By the same token, he does not take any commission if a painting sells.

Vemulapalli said that there is no specific theme to the works that are hung at Cafe Maggie. He has veto power, but has yet to say “no” to anything.

The art brings more life to his cafe, he said, and offers a place where artists can promote their pieces.

Vemulapalli said Cafe Maggie recently started a monthly after-hours arts night in which it stays open after closing time and allows local artists who aren’t on the walls to showcase their works in a gallery format.

“The synergy of helping an artist get a little more exposure and helping the café get a little more exposure is a win-win as far as I’m concerned,” he said.

Bartender Steve Rodriguez takes down stools in front of a wall lined with artwork by local artist Donovan White at Mr. Head’s Gallery and Bar, 513 N. Fourth Ave.

Mr. Head’s Gallery & Bar

513 N. Fourth Ave.; facebook.com/mrheads

While Cafe Maggie caters more to Fourth Avenue’s day crowd, offering quiche and cookies with a side of surrealism, Mr. Head’s Gallery and Bar a few blocks south is more for the craft beer and whiskey shot crowd.

But, like Cafe Maggie, Mr. Head’s is all about the local art.

The works at Mr. Head’s can be striking. Black and white cutout characters by Donovan White line the exposed-brick walls. A large mural portraying a skeleton with saguaros coming out of the skull by local graffiti artist Rock “CYFI” Martinez greets customers on the bar's back patio.

An exhibition of works from local artist Sean Terry, the artist who painted the giant cassette tape in the karaoke lounge at the recently relocated Bumsted’s at Wonderwall, recently ended but was popular.

Terry’s paintings range from an anthropomorphic white rabbit a la “Alice in Wonderland” with a Salvador Dali melting clock in his paw, to javelinas with long legs, like the robots in “War of the Worlds,” towering over Mission San Xavier del Bac.

“We were selling one of his pieces a week,” said bar manager Ben Sattler. “He does some really cool stuff. His style hits home with Tucsonans.”

A mural painted by Rock “CYFI” Martinez is featured along a wall at Mr. Head’s Gallery and Bar, 513 N. Fourth Ave.

Sattler said owner Micah Blatt, a glass artist, started the bar more than a decade ago in part to showcase his work and the work of his friends.

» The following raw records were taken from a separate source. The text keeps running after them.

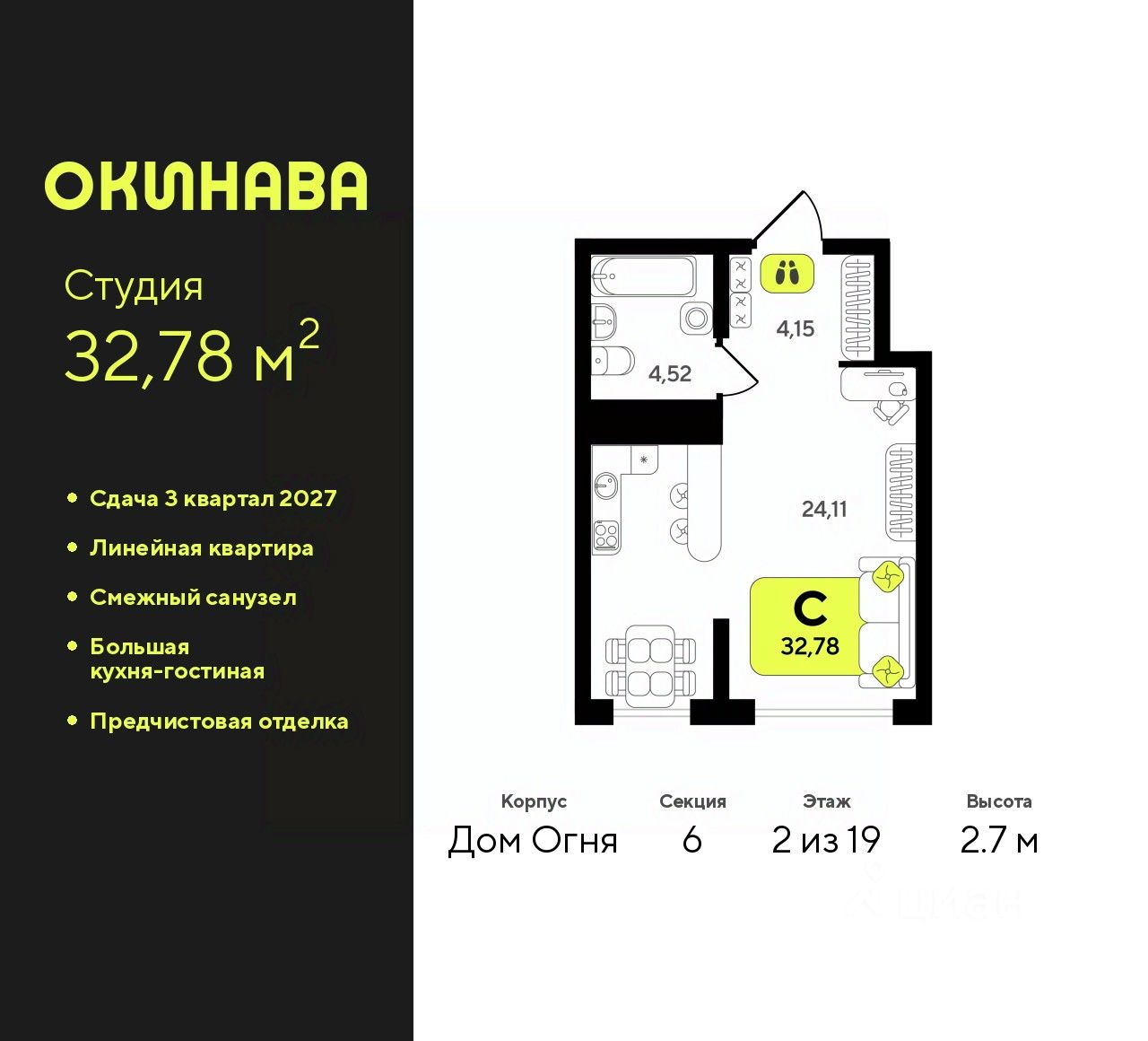 Просторная 1-комн. квартира-студия с предчистовой отделкой в ЖК "Окинава" на 2 этаже. Общая площадь: 32.78 кв.м., площадь гостиной 24.11 кв.м., из которых 5 кв.м. выделено под кухонную зону. Все окна выходят на одну сторону. В квартире один совмещенный санузел. Высота потолков 2.7 м.
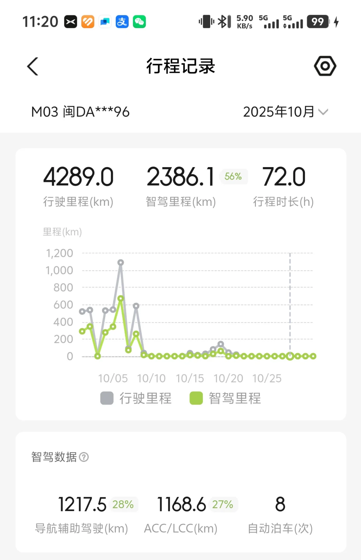 从用车数据看,这个月行驶里程可观,智驾功能也频繁使用,为旅途增添了不少轻松与便捷。充电方面,总充电量、充电时间等数据也清晰记录了爱车的“能量补给”情况。能耗表现也较为稳定,助力我顺利完成一次次出行。这个10月,爱车不仅是出行载体,更见证了我与美景、与家人的美好时光。
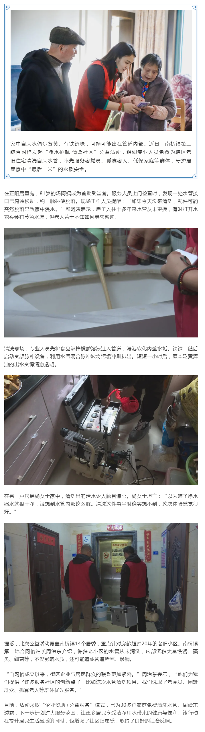 为老旧水管“洗胃清肠”!南桥镇发起“净水护航”公益行动

“It is 100% commission-free,” Sattler said. “We want to make it a good experience for everybody involved.”

Gusto Osteria

7153 E. Tanque Verde Road; gustotucson.com

Over the years, Glenn “Gus” Gerson has made his Italian restaurant Gusto Osteria a place where east-side art aficionados are offered a feast for the eyes in addition to the feast on their tables.

Gerson started decorating his restaurant with works by Jos Villabrille, whose large-scale murals can be found in shopping centers and restaurants all over town.

“He would have big pieces that would give us nice cover,” Gerson said. “He is such an amazing artist.”

Gerson relies these days on about five different local creators, led by watercolor artists Tracy Lynn Ross and Susan Meyer, to make his dining room look like a bonafide gallery.

Come in for Gerson’s eggplant Parmesan and pork ricotta, both house specialties, and you’ll find paintings of dogs, birds, scenic views and Southwestern themes.

Pieces can be found on every wall. Works rotate seasonally.

“These are the best artists I have had here,” Gerson said, “If we sell one of their pieces, they are usually ready with another. They put everything together nicely.”

The only problem, Gerson says, is when a piece he loves goes to a customer. You can find several paintings that have hung in his restaurant now hanging in his home.

“My wife and I always say we are lucky to have these artists,” Gerson said. “They take good care of us.”